林远山望着他远去的背影,心头涌起一阵复杂的酸楚。儿时爬树摸鱼的伙伴,如今只剩下对“新生活”的急切渴望和对“破房子”的厌弃。这片土地承载的记忆,在现实的利益面前,似乎变得如此轻飘,如此不值一提。他感到一种前所未有的孤独。
他缓缓关上了窗,将李大柱的背影和清晨的田野隔绝在外。屋内重归昏暗和寂静。他走回墙角,重新坐在地上,背靠着冰冷的土墙。那份补偿协议被他随手丢在一旁。他需要一些东西,一些能支撑他、告诉他这一切抗争并非毫无意义的东西。
他的手再次伸向口袋,指尖触碰到那叠粗糙的信纸。这一次,他抽出的不是母亲绝望的倾诉,也不是父亲焦灼的呐喊,而是一张更早的、折痕更深的烟盒纸。纸的边缘已经磨损,但上面的铅笔字迹却显得格外清晰有力,带着一种年轻人特有的、不顾一切的滚烫。
他借着窗缝透进来的微光,辨认着上面的字句。这不是在苦难中挣扎的记录,而是苦难开始之前,两颗年轻心灵在贫瘠土地上初次碰撞出的火花。父亲林志国的字迹,比后来的潦草要工整许多,甚至透着一丝笨拙的认真:
“秀芬同志:今天在公社学习会上,你念报纸的样子真好看。声音像广播里的播音员,又清又亮。他们笑话我盯着你看,我不管。我就是觉得你念得好,比他们都好。下工后我在仓库后面等你,有话跟你说。林志国。1972年4月15日。”
林远山的心,仿佛被这简单直白的话语轻轻撞了一下。1972年……那是在批斗会的阴影笼罩下来之前,在饥饿和失去吞噬他们之前。他的父母,也曾有过这样青涩而勇敢的时光。
指尖摩挲着粗糙的纸面,那些字迹仿佛带着温度。林远山闭上眼,老屋的墙壁、窗棂、甚至空气中漂浮的尘埃,都开始无声地旋转、褪色、重构……
1972年的春天,风里还带着料峭的寒意。刚下过一场小雨,通往公社仓库的土路泥泞不堪。林志国穿着一身洗得发白、打着补丁的旧军装(那是他父亲留下的唯一像样的衣服),裤腿高高挽起,露出沾满泥点的小腿。他靠在一垛半湿的稻草堆旁,心脏在胸腔里擂鼓般跳动,手心全是汗。他时不时探头张望,既期待又害怕那个身影的出现。
终于,一个纤细的身影出现在小路尽头。沈秀芬穿着一件同样半旧的蓝布衫,两根乌黑的辫子垂在胸前,手里还捏着开会时发的学习材料。她走得很慢,低着头,似乎在犹豫。
“秀芬同志!”林志国鼓起勇气喊了一声,声音因为紧张而有些发颤。
沈秀芬抬起头,看到是他,白皙的脸上瞬间飞起两朵红云,脚步停了下来,手指无意识地绞着衣角。“林……林志国同志?你找我……有事?”她的声音果然像父亲信里写的那样,清亮悦耳,只是此刻带着一丝不易察觉的颤抖。

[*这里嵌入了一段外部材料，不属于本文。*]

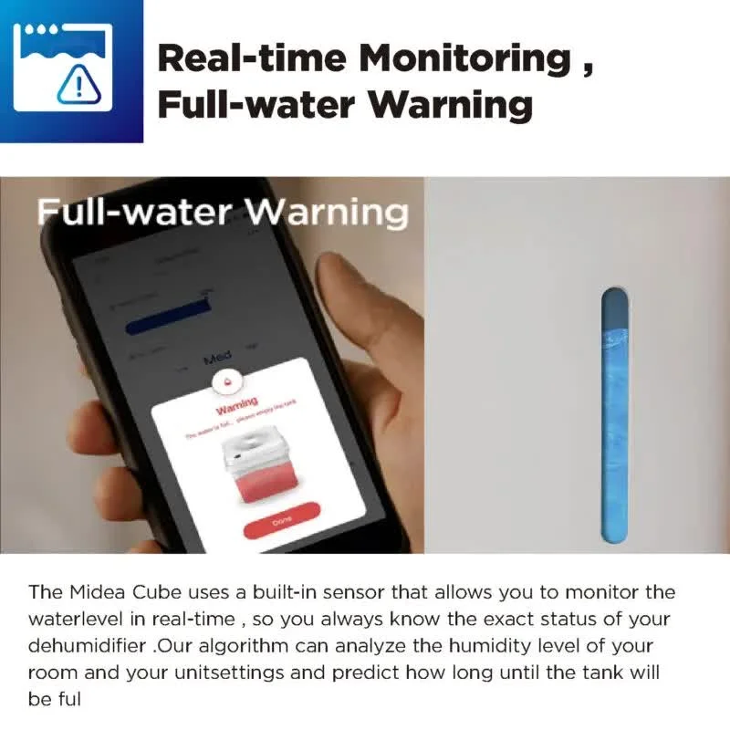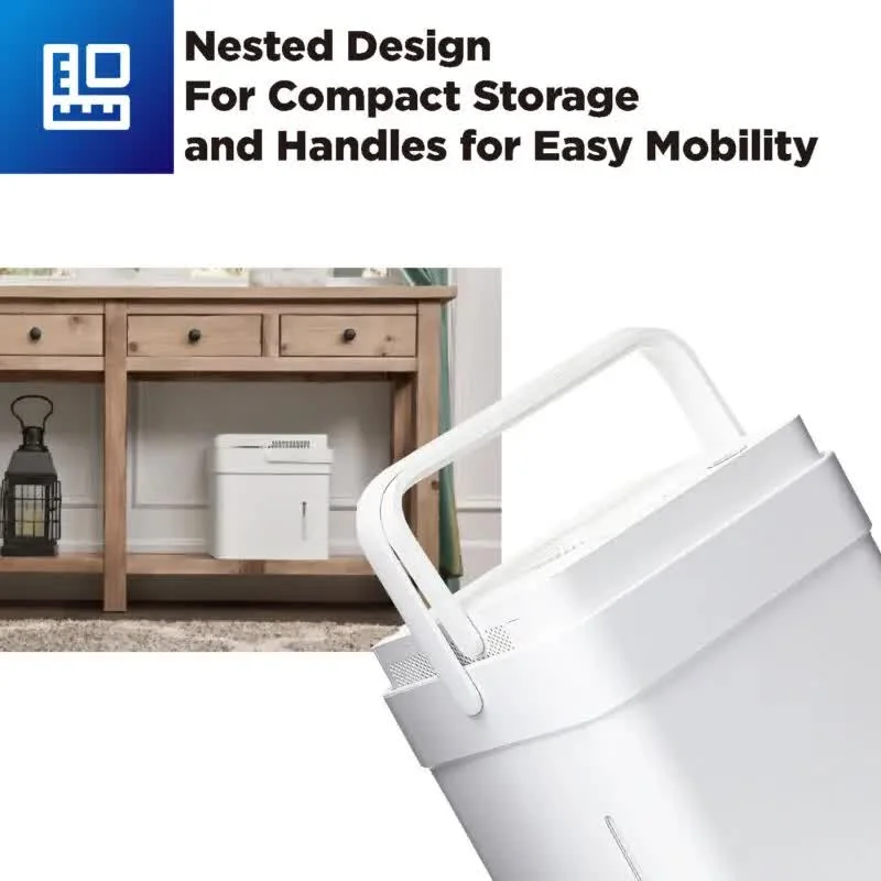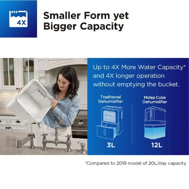 The Midea Cube dehumidifier has a unique lift-and-twist design that offers unparalleled flexibility: when operating in extended form, it has up to 3 times more water tank capacity than traditional dehumidifiers and can run much longer without the hassle of frequently emptying the tank; when in nested or drain form, the unit is half the size allowing compact storage or flexible draining.
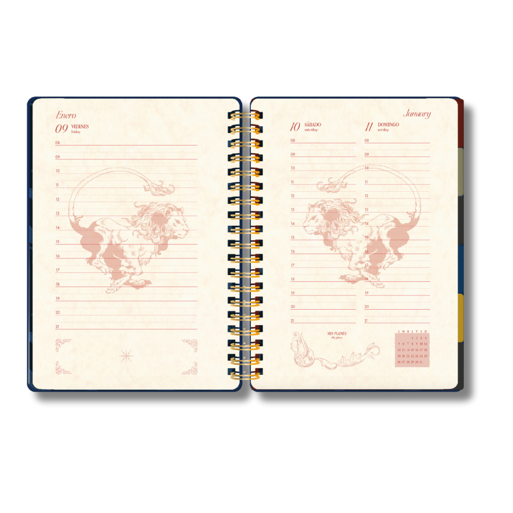 • Encuadernado: Anillado metálico dorado
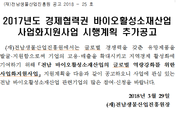 2017년 전남 바이오활성소재 사업화지원사업 추가공고 공고문.hwp
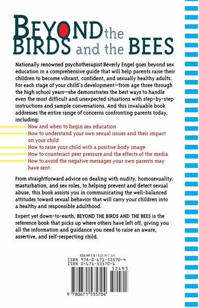 A guide to healthy sexual development for children, covering topics that include promoting positive body images, protecting children without scaring them, and teaching values without encouraging rebellion. Nationally renowned psychotherapist Beverly Engel goes beyond sex education in a comprehensive guide that will help parents raise their children to become vibrant, confident, and sexually healthy adults. For each stage of your child’s development—from age three through the high school years—she demonstrates the best ways to handle even the most difficult and unexpected situations with step-by-step instructions and sample conversations. From straightforward advice on dealing with nudity, homosexuality, masturbation, and sex roles, to helping prevent and detect sexual abuse, this book assists you in communicating the well-balanced attitudes toward sexual behavior that will carry your children into a healthy and responsible adulthood.
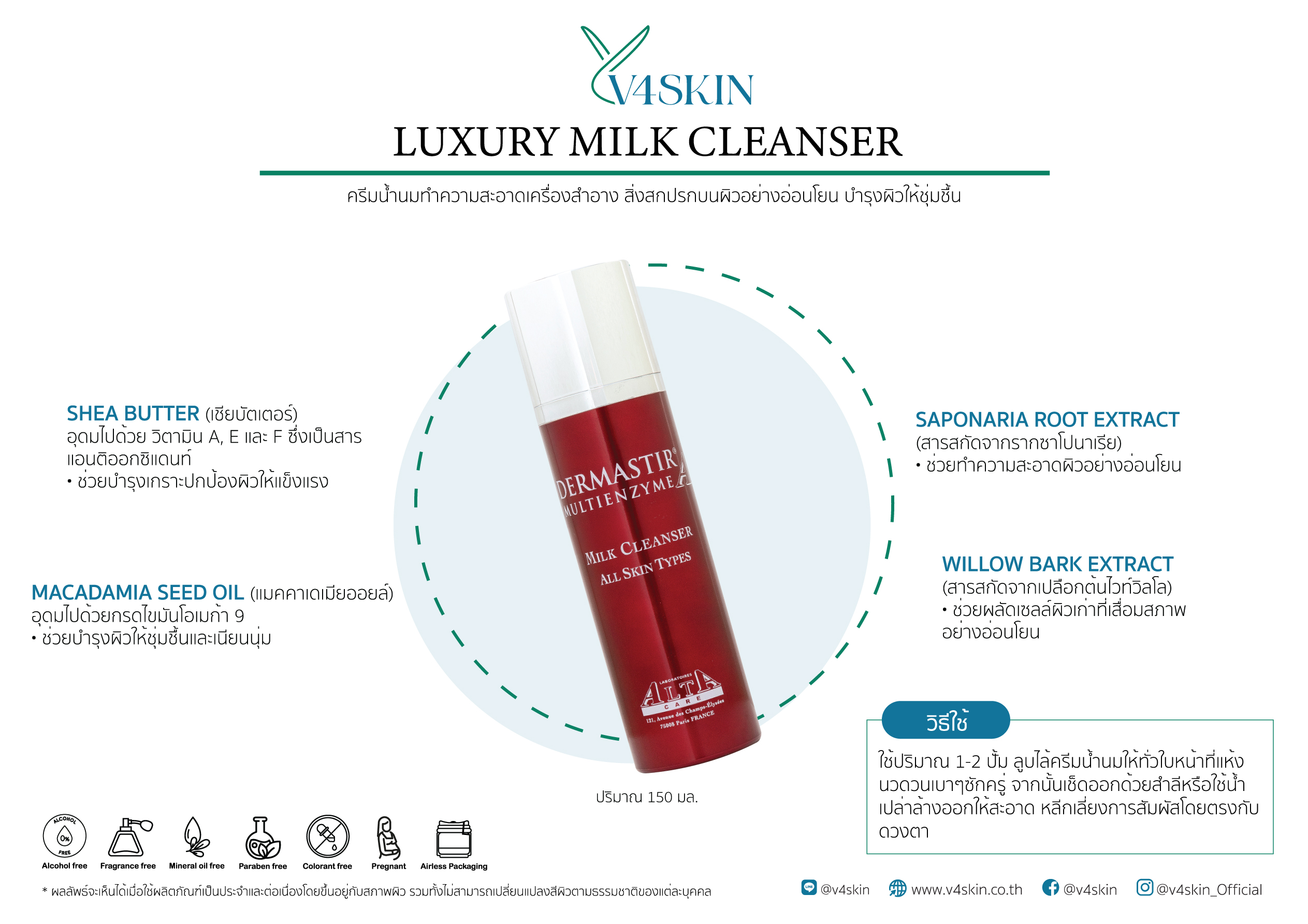 • ไม่มีแอลกอฮอล์  • ไม่มีน้ำหอม  • ไม่มีน้ำมันแร่  • ไม่มีพาราเบน  • ไม่มีเพอร์ออกไซด์   • ไม่มีสีสังเคราะห์
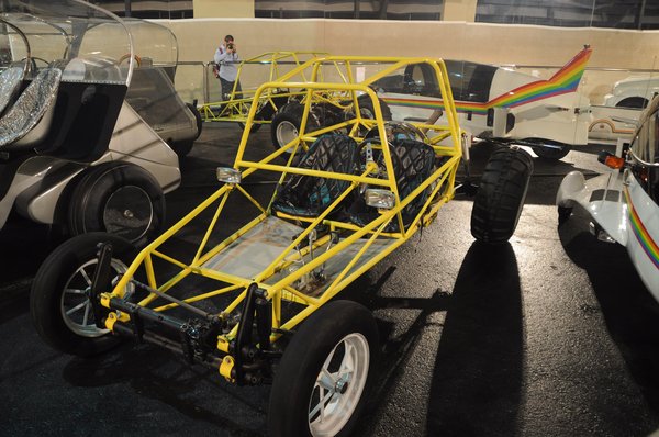 Nem csak a Mercedesekért szakadt meg az ember szíve, a sárga, csővázas, léghűtéses VW technikára épített homokfutó is jobb sorsot érdemel, minthogy a neonlámpák alatt fakuljon. Ez nagyjából a sivatagi csapatós gép minimuma, és egyszerre megértettem, hogy miért lehetett őrületes királyság a hetvenes évek Californiájában fiatalnak lenni. Kapásból mellette az izé, ami szintén VW Bogárból van, ám a tető-gyanánt felhúzott plexi ellenére sem tudok rájönni, hogy pontosan mi volt vele a cél. Egy kicsit valamelyik bóvli sci-fi űrhajójára emlékeztet, amivel a pozitív hős érkezik. Kifele menet még beleütköztem egy elég durva terepre átépített Hiluxba, ránézésre nincs neki akadály ezen a bolygón, bár az állapotából ítélve ez sem sokat mozgott.

林志国深吸一口气,从稻草堆旁直起身,几步走到她面前。两人之间隔着几步泥泞的距离。他看着她低垂的眼睫,像受惊的蝶翼般微微颤动,一股热血直冲头顶,那些在肚子里反复演练了好几遍的话,到了嘴边却变得磕磕巴巴:
“我……我就是想跟你说……你今天在会上念报纸,念得真好!比……比他们念得都好听!”他憋红了脸,一口气说完,然后紧张地盯着她的反应。
沈秀芬的脸更红了,头垂得更低,几乎要埋进胸口。沉默在两人之间蔓延,只有远处田野里传来的几声蛙鸣。林志国的心一点点沉下去,懊悔自己太莽撞,吓到了她。
就在他几乎要放弃,准备道歉离开时,沈秀芬却极轻极轻地“嗯”了一声。那声音细若蚊呐,却像一道惊雷劈在林志国心上。他猛地抬起头,难以置信地看着她。
沈秀芬飞快地抬眼瞥了他一下,那双清澈的眸子里,除了羞涩,似乎还藏着一丝微弱的光亮。她抿了抿唇,声音依旧很轻,却清晰了许多:“你……你念得也挺好的。”
轰!林志国只觉得一股巨大的喜悦瞬间炸开,冲散了所有的紧张和不安。他咧开嘴,露出一个有些傻气的笑容,眼睛亮得惊人。他挠了挠头,一时竟不知该说什么好。
“那个……”沈秀芬似乎也被他的笑容感染,放松了一些,指了指他身后,“稻草……湿了,会着凉的。”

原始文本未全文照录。